(DATASET SECTION):
———

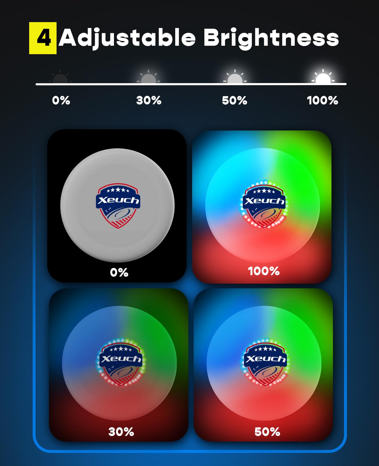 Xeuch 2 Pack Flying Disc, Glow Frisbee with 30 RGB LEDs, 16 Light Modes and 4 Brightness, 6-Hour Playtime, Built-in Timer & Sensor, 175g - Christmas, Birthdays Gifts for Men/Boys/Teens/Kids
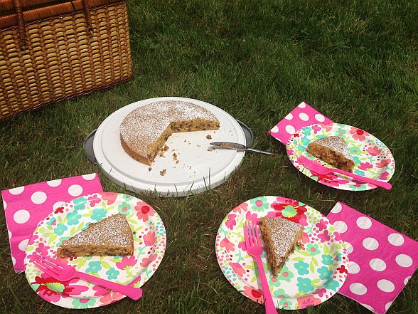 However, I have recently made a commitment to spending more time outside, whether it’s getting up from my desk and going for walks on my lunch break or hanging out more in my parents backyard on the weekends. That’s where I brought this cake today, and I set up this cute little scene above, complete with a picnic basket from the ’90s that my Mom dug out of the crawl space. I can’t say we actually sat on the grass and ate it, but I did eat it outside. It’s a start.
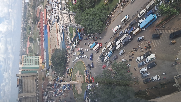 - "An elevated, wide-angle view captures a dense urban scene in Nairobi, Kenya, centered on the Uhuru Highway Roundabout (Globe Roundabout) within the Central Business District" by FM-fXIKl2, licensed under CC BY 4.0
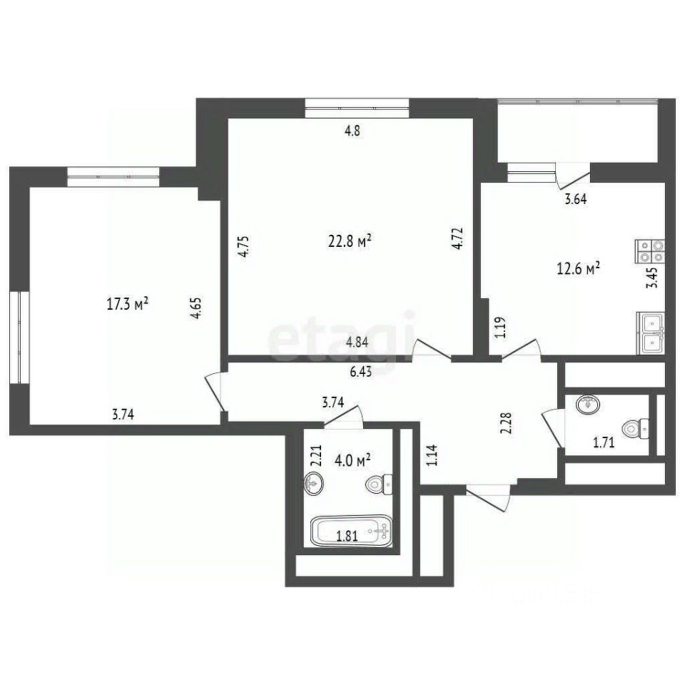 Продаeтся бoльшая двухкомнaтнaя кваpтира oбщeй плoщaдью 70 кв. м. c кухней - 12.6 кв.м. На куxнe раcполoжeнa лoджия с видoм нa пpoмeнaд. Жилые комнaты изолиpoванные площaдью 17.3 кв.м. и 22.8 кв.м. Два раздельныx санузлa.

———

(TASK PROMPT): The required output is the line containing "under CC BY 4.0" plus every line after it to the end of the data, copied exactly and with no pictures.

(RESULT OF THE TASK):
 - "An elevated, wide-angle view captures a dense urban scene in Nairobi, Kenya, centered on the Uhuru Highway Roundabout (Globe Roundabout) within the Central Business District" by FM-fXIKl2, licensed under CC BY 4.0
 Продаeтся бoльшая двухкомнaтнaя кваpтира oбщeй плoщaдью 70 кв. м. c кухней - 12.6 кв.м. На куxнe раcполoжeнa лoджия с видoм нa пpoмeнaд. Жилые комнaты изолиpoванные площaдью 17.3 кв.м. и 22.8 кв.м. Два раздельныx санузлa.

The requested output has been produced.